The deformability is an important cellular feature of red blood cells (RBCs), which ultimately ensures the oxygen supply to the muscles. RBC deformability depends on nitric oxide (NO) availability in the cell. NO is enzymatically produced by NO-synthases (NOS) and in RBCs NO is generated via RBC-NOS. Still, the link between RBC-NOS dependent NO production, the cellular target of this NO, and the influence of this NO on RBC deformability is missing. Therefore, the aim of this study was to elucidate the relation between RBC-NOS activity and deformability. Blood of ten male subjects was incubated with either PBS (control) or wortmannin (inhibits RBC-NOS activation) for 30min at 37°C. RBC-NOS Ser¹¹⁷⁷ phosphorylation, indicating enzyme activation, was determined using immunohistochemical procedures, NO measurements were carried out via DAF fluorometry, RBC deformability was measured via ektacytometry and S-nitrosylation pattern of RBC proteins was determined using modified Biotin-switch assay.

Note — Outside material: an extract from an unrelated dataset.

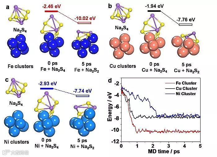 结构表征表明S和Fe纳米团簇(~1.3 nm)主要在负载在碳壁上,说明Fe的亲硫性促进了硫负载。同时线性分析的结果显示S的强度和Fe的强度呈线性关系,表明S能够和Fe形成Fe-S键(图一)。将三种材料进行电化学性能表征(图二),相比于S@Ni-HC和S@Cu-HC,S@Fe-HC正极表现出更高的可逆容量和循环稳定性。其首圈可逆容量高达1023 mAh•g-1,表明其产物是完全硫化的Na2S。在低电流(0.1 A•g-1)下长循环测试,经过1000圈的循环之后,S@Fe-HC的可逆容量可保持在394 mAh•g-1。借助于第一原理计算(图三),ab AIMD模拟结果表明长链的Na2S4在Fe纳米团簇上的吸附能最强,说明Fe纳米团簇对多硫化物有最强的固定作用。而且Na2S4在Fe纳米团簇经过1 ps就分解生成Na2S2,解离吸附能为-10.24 eV,按时多硫化物在其表面的反应活性是最高的,能快速催化多硫化向短链产物的转化反应。这一成果近期发表在Angew. Chem. Int. Ed. 上,文章的第一作者是张斌伟和盛天,通讯作者为阿德莱德大学的乔世璋教授和卧龙岗大学的王云晓博士。

The results showed that blood incubation with wortmannin significantly decreased RBC-NOS activation, NO-production and RBC deformability. The latter was caused by reduction of S-nitrosylation of RBC proteins. It is suggested that RBC-NOS produced NO protects free sulhydryl groups of RBC cytoskeleton from being oxidized, e.g. The absence of NO represents a loss of these protective mechanisms, thereby possibly leading to changes in the cytoskeletal structure and finally reducing RBC deformability. The present results therefore improve the understanding of RBC-NOS and NO signaling, which may benefit the treatment of microcirculatory disorders. Further studies are needed to identify the proteins which are influenced by RBC-NOS produced NO.